15.4.2 deemed to have been duly given when delivered to the address referred to in condition 15.4.1, if delivered by messenger (including by courier) during normal business hours of the recipient; or 72 hours after being deposited in Canada Post mail, Priority mail postage prepaid or 24 hours after tracking shows delivered, whichever is longer, or at the time of transmission if sent by email (if the sender has no reason to understand that the email message was not received and if the message is received during the normal business hours of the recipient, failing which 9:00 am local time during the next normal business hours of the recipient).
15.5 The provisions of condition 15.4 shall not apply to the service of any proceedings or other documents in any legal action.
15.6 Failure on the part of the Seller to enforce any provision of the Contract or to require performance by the Buyer of any provision shall not be construed to be a waiver of the Contract or any provision thereof or the right of the Seller thereafter to enforce each and every provision in accordance with the terms of the Contract.
15.7 No action:
15.7.1 alleging the commission of a tort may be brought by either Party more than one year after the date on which the claimant first new, or ought to have known, of all material facts of a decisive character upon which the action is based; or
15.7.2 alleging breach of contract or any other breach of duty other than a duty owed in tort may be brought by either Party more than one year after the cause of action arose; except that in any case an action alleging non-payment of monies owing under the Contract may be brought within one year after the date of last payment.
15.8 The Contract and any dispute or claim arising out of or in connection with it or its subject matter or formation (including non-contractual disputes) shall be governed by and construed in accordance with the laws of the province of Manitoba, Canada and the federal laws of Canada applicable therein, excluding (i) its choice of law rules; and (ii) the United Nations Convention of Contracts for the International Sale of Goods. The Parties irrevocably submit to the exclusive jurisdiction of the courts in the province of Manitoba, Canada in respect of any such dispute or claim; provided that the Seller may seek equitable relief in any court of competent jurisdiction.

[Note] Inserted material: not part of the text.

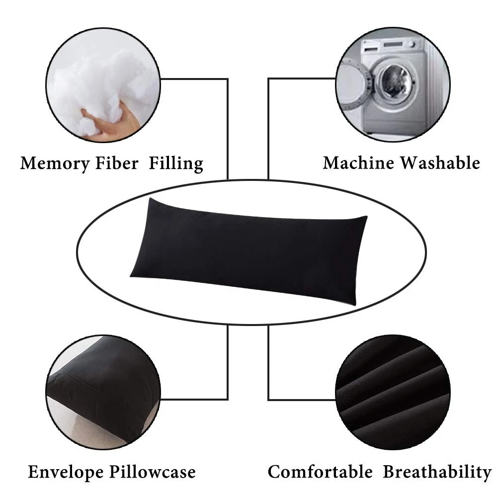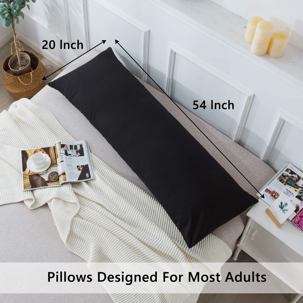 Our full body pillow includes 1 pillow insert and 1 pillowcase. It can instead of a bulky pillow bring extraordinary comfort to your body. Body pillowcase is skin-friendly and breathable, keeping you cool and comfortable all night long. If you always need a pillow under your feet when you sleep If you always like to work or watch TV on your bed and sofa If you're constantly having neck, shoulder, or lower back pain from work If you feel tired after working, need a rest and a warm hug, The best gift you will feel is our body pillow. If you want a firmer one, it is highly recommended that you can buy two pillows, then put two pillows insert into one pillowcase. Removable pillowcases save you more time to enjoy life. ✅Note: The Black pillowcase is rolled inside, please make the insert fluffy and put it inside the pillowcase. 【Long Body Pillow】Each order includes 1 pillow insert + 1 Black 100% polyester body pillowcase.Envelope closure design (no zipper),The body pillow is skin-friendly and breathable,Filled with high quality fiber.medium density and supportive,keeping you cool and comfortable all night long. 【Multi-Function】Adjustable Full body pillow insert provides additional relief and enough support for your body while sleeping in bed,Fits perfectly to the original contour of the body, Very suitable for hotels or bedrooms,In addition,This long pillow creates ideal support while sleeping,reading,nursing and breastfeeding. 【Ergonomic Comfort】This long 20x54 inch body pillow is made for adults.Whether you need to relax your hips,back,neck and abdomen,our long pillows can instead of a bulky pillow bring extre extraordinary comfort to your body,Make your body and mind fully relaxed.If you want a very firm pillow,you can choose to buy two pillow inserts into one pillowcase. 【Easy to Care】This large body pillow is Machine washable and Dry in the low-temperature drum,It will help to remove smells that might be lingering. The body pillow is overfilled with whole piece 160 GSM microfiber, Notice:we recommend that you wash the pillowcase more and pillow insert less to extend the service life. 【Service】For ease of transportation, our pillows have been vacuum compressed for a long time and will be flat when opened but don't worry, please pat, squeeze and fold them back to their full, fluffy shape. If there is any dissatisfaction,please feel free to contact us,we will provide you with 24 hours after-sales service and 100% satisfaction.

15.9 All non-public, confidential or proprietary information of the Seller, including but not limited to specifications, samples, patterns, designs, plans, drawings, documents, data, business operations, customer lists, pricing, discounts or rebates, disclosed by the Seller to the Buyer, whether disclosed orally or disclosed or accessed in written, electronic or other form or media, and whether or not marked, designated or otherwise identified as "confidential" in connection with this Agreement is confidential, solely for the use of performing this Agreement and may not be disclosed or copied unless authorized in advance by the Seller in writing. Upon the Seller's request, the Buyer shall promptly return all documents and other materials received from the Seller. The Seller shall be entitled to injunctive relief for any violation of this Section. This Section does not apply to information that is: (a) in the public domain; (b) known to the Buyer at the time of disclosure; or (c) rightfully obtained by the Buyer on a non-confidential basis from a third party.